First, some background. I did my undergraduate at Wilfrid Laurier University in the early ‘80s. I have always been interested in politics, and I served as vice-president of the Student Association. I have a deep appreciation for student associations and their role as the voice of student concerns on academic matters and as supporters of excellence in education. Student associations also serve an important social function, from campus pubs to campus clubs.
After earning two graduate degrees, I returned to Laurier as an Assistant Professor. Laurier is a mid-size, primarily undergraduate school that shares a city with the University of Waterloo. But Laurier’s relationship with the “big school up the street” is collaborative, not competitive. I see parallels between Laurier and Mount Royal: in a two-university town, we both believe that “when you are different, you can do different things — and you can do them extremely well.”
So, why am I excited about coming to Mount Royal? Certainly, every post-secondary institution has its challenges, but Mount Royal’s strength is its people: committed and vibrant faculty and staff; professional managers and directors working closely with senior academic and administrative leaders; enthusiastic and bright students; a supportive community.

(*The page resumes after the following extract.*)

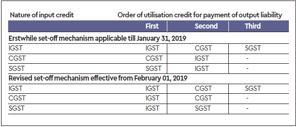 Recently, the government amendment the set-off mechanism of input tax credit to be effective from February 1, 2019. As per the amended set-off mechanism, which is covered under section 49A of the CGST Amendment Act 2018, a GST registered person is required to first utilise its entire IGST credit towards the payment of output IGST liability. The balance of IGST credit will then be used for payment of CGST and SGST liability, respectively. The credit balance available in the SGST and CGST credit pool can be used only when the IGST credit pool is fully utilised. The accompanying table shows the erstwhile set-off mechanism which was operational till January 31, 2019, and the revised set-off mechanism effective February 1, 2019.
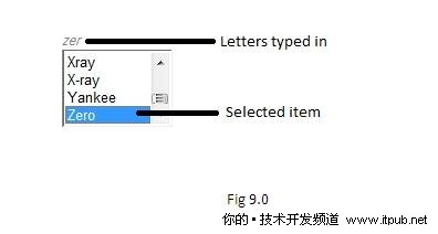 這個擴展可以是一個列表框控件,也可以是一個下拉列表控件,用戶輸入字母就可以搜索列表框或下拉列表中的內容,圖9顯示了一個簡單的列表搜索擴展示例。

I foster principles of good governance — accountability, collegiality, a focus on problem solving, among others — and I embrace Mount Royal’s current vision of being Canada’s premier undergraduate institution. I see my role as helping to build the framework to achieve it, and I am interested in discussing and developing ways to measure our progress.
To help meet our goals, the Academic Plan is being updated to enhance our blending of research with teaching, and the Student Services Plan is being updated to support student success through programs and services inside and outside the classroom.
Under the strong leadership of Dave Marshall, Mount Royal became a university. Our challenge now is to “walk the university walk,” and here the Library is my priority, because libraries are the intellectual heart of any university.
And there are many other priorities across campus, so I will be meeting with as many people as possible, both internally and externally, to address those priorities.
Finally, we need to tell our story more broadly. We cannot be the country’s premier undergraduate institution if the country does not know who we are. The story is not the new President — it’s our integrated approach to teaching and learning, and how that approach helps students become thoughtful critical thinkers with a true understanding of community and citizenship.
The students of Mount Royal University have a role in telling that story. Together, we can reach our ambitions.
David Docherty is an author and former Dean of Arts at Wilfrid Laurier University.